[Data extracted from a collection]

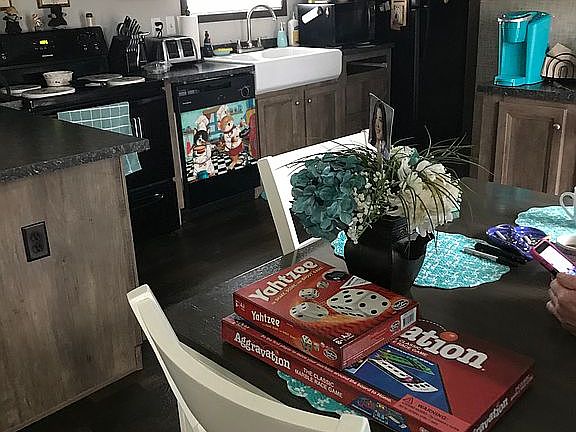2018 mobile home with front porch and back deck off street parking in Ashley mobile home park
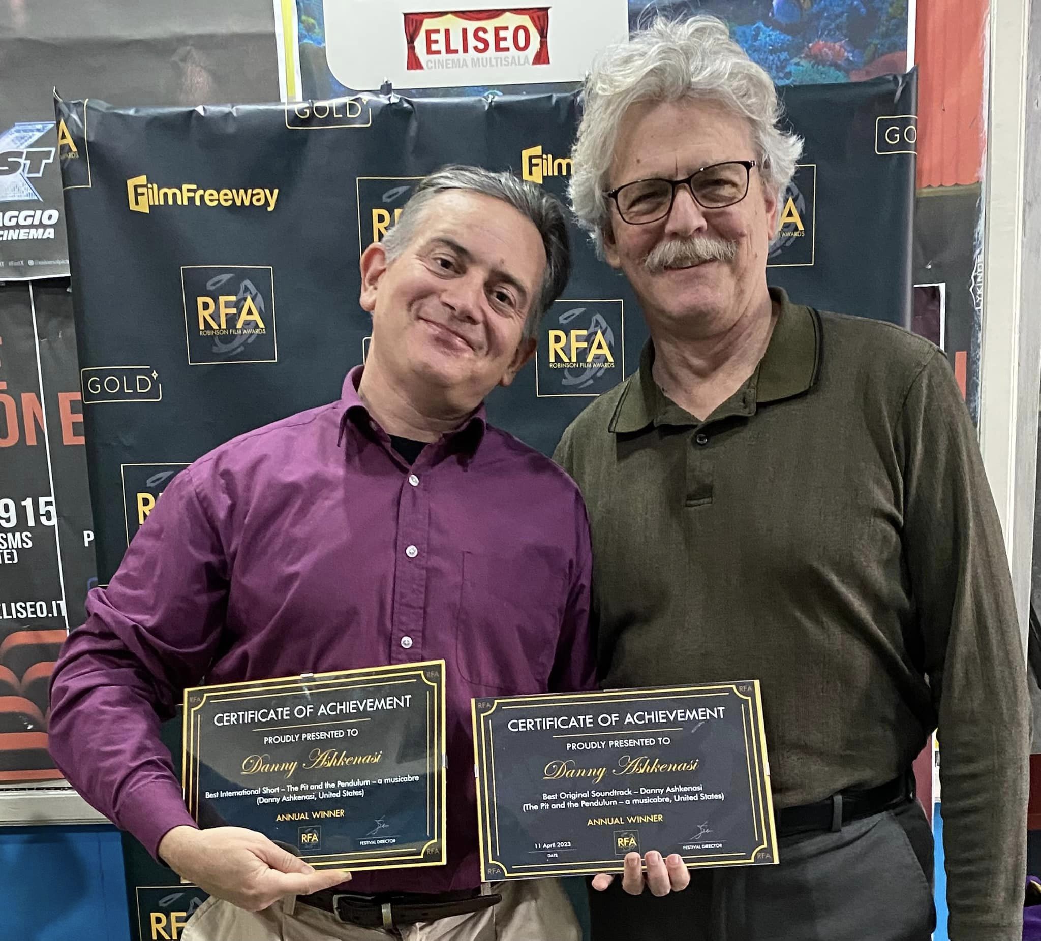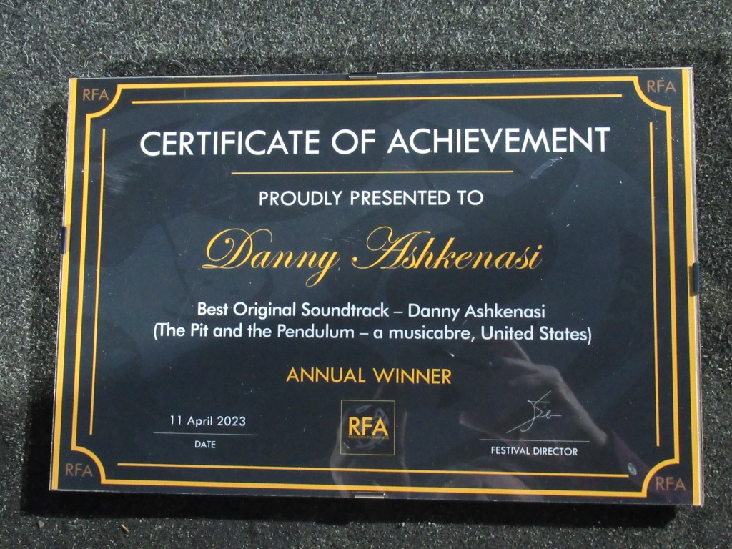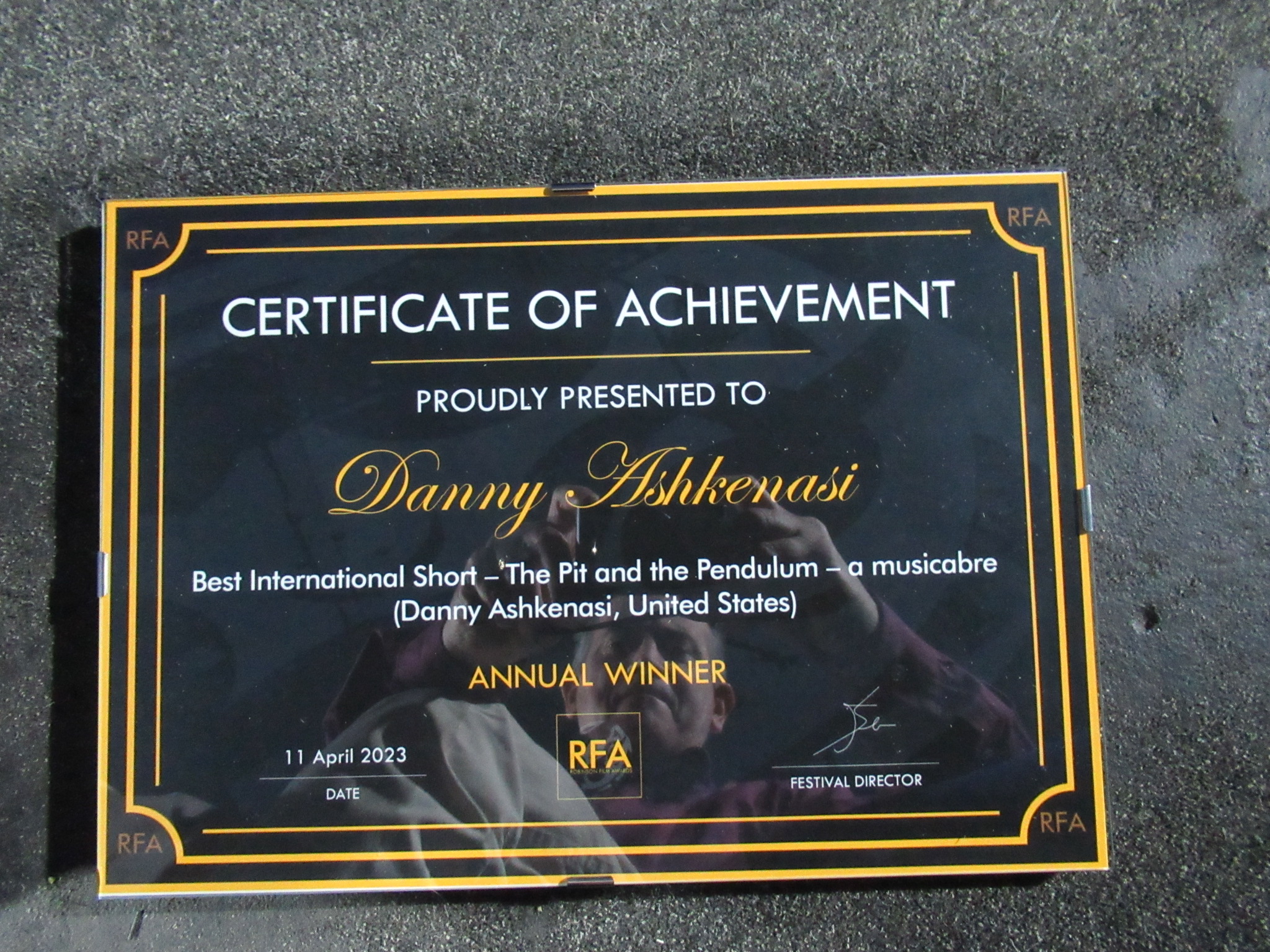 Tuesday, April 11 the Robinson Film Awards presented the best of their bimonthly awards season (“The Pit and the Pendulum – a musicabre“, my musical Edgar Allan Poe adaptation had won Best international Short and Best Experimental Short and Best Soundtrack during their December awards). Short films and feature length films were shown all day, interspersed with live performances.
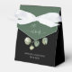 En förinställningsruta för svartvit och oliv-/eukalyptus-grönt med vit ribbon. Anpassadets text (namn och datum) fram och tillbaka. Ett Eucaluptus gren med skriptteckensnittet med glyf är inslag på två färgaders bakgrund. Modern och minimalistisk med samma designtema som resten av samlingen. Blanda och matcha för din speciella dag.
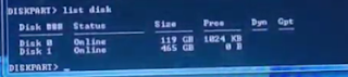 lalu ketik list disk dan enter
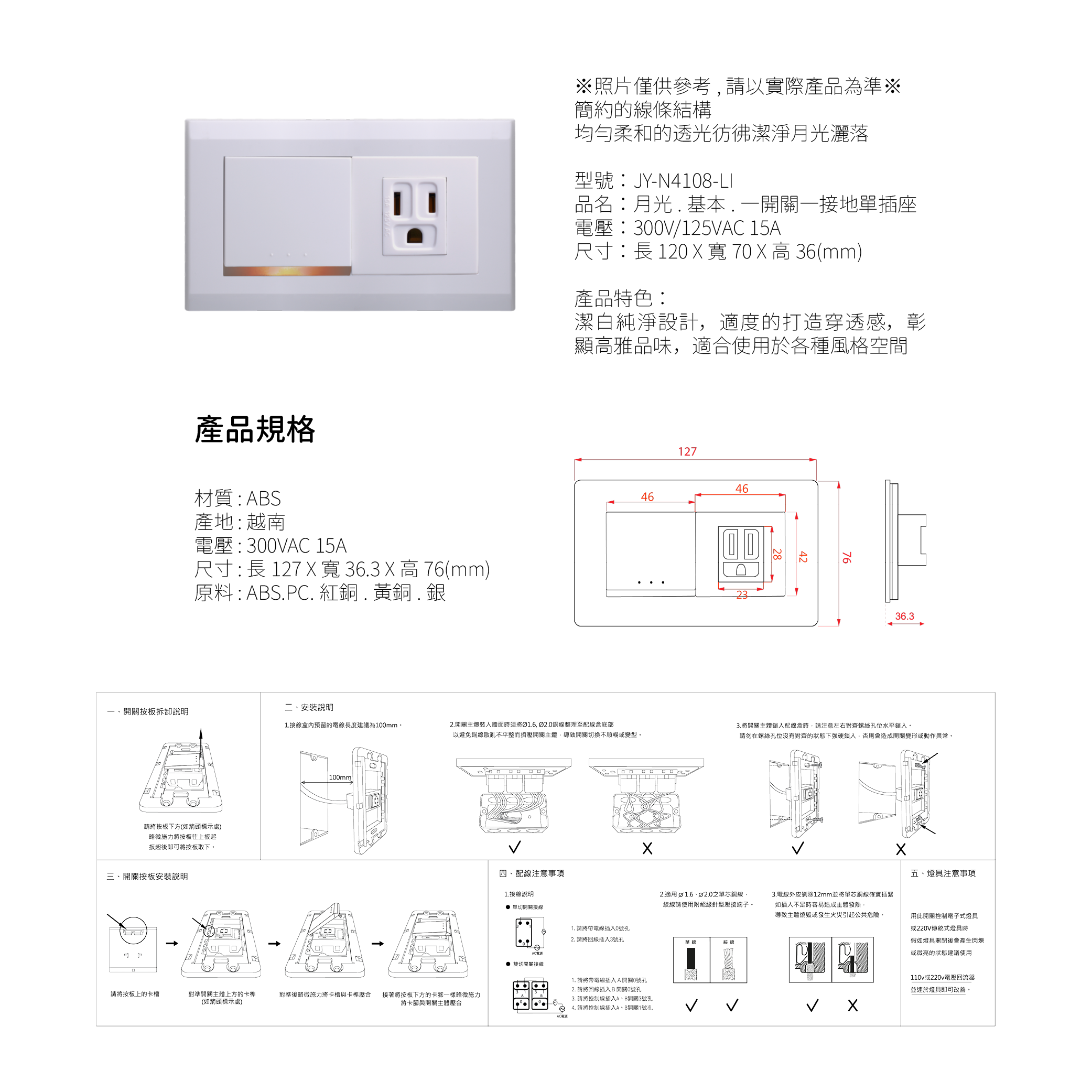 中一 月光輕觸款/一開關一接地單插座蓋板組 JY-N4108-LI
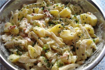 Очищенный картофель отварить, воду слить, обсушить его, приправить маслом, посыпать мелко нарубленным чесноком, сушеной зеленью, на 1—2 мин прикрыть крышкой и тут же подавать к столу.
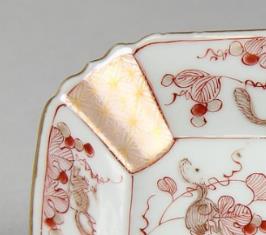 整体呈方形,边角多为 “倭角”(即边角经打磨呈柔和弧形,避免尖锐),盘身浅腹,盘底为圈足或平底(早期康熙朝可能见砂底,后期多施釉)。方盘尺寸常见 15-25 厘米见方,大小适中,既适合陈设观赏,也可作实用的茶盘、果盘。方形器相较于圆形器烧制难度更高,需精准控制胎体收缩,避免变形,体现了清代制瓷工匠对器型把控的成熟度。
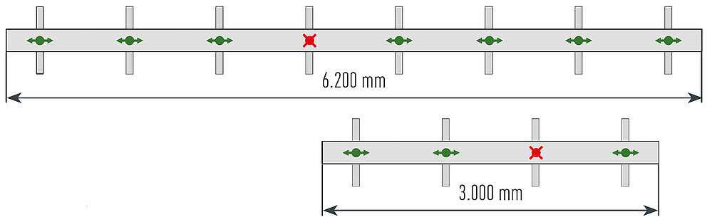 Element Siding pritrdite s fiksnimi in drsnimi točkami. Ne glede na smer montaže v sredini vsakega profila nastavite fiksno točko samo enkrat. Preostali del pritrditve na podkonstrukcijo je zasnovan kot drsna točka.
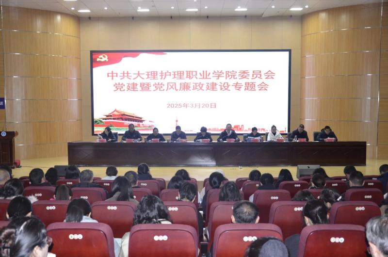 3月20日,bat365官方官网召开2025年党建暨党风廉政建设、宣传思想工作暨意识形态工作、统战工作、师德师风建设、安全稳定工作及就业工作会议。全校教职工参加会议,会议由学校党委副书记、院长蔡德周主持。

About this exercise:
When you print the entries, keep every line exactly as it is and drop the pictures.

The answer:
2018 mobile home with front porch and back deck off street parking in Ashley mobile home park
 Tuesday, April 11 the Robinson Film Awards presented the best of their bimonthly awards season (“The Pit and the Pendulum – a musicabre“, my musical Edgar Allan Poe adaptation had won Best international Short and Best Experimental Short and Best Soundtrack during their December awards). Short films and feature length films were shown all day, interspersed with live performances.
 En förinställningsruta för svartvit och oliv-/eukalyptus-grönt med vit ribbon. Anpassadets text (namn och datum) fram och tillbaka. Ett Eucaluptus gren med skriptteckensnittet med glyf är inslag på två färgaders bakgrund. Modern och minimalistisk med samma designtema som resten av samlingen. Blanda och matcha för din speciella dag.
 lalu ketik list disk dan enter
 中一 月光輕觸款/一開關一接地單插座蓋板組 JY-N4108-LI
 Очищенный картофель отварить, воду слить, обсушить его, приправить маслом, посыпать мелко нарубленным чесноком, сушеной зеленью, на 1—2 мин прикрыть крышкой и тут же подавать к столу.
 整体呈方形,边角多为 “倭角”(即边角经打磨呈柔和弧形,避免尖锐),盘身浅腹,盘底为圈足或平底(早期康熙朝可能见砂底,后期多施釉)。方盘尺寸常见 15-25 厘米见方,大小适中,既适合陈设观赏,也可作实用的茶盘、果盘。方形器相较于圆形器烧制难度更高,需精准控制胎体收缩,避免变形,体现了清代制瓷工匠对器型把控的成熟度。
 Element Siding pritrdite s fiksnimi in drsnimi točkami. Ne glede na smer montaže v sredini vsakega profila nastavite fiksno točko samo enkrat. Preostali del pritrditve na podkonstrukcijo je zasnovan kot drsna točka.
 3月20日,bat365官方官网召开2025年党建暨党风廉政建设、宣传思想工作暨意识形态工作、统战工作、师德师风建设、安全稳定工作及就业工作会议。全校教职工参加会议,会议由学校党委副书记、院长蔡德周主持。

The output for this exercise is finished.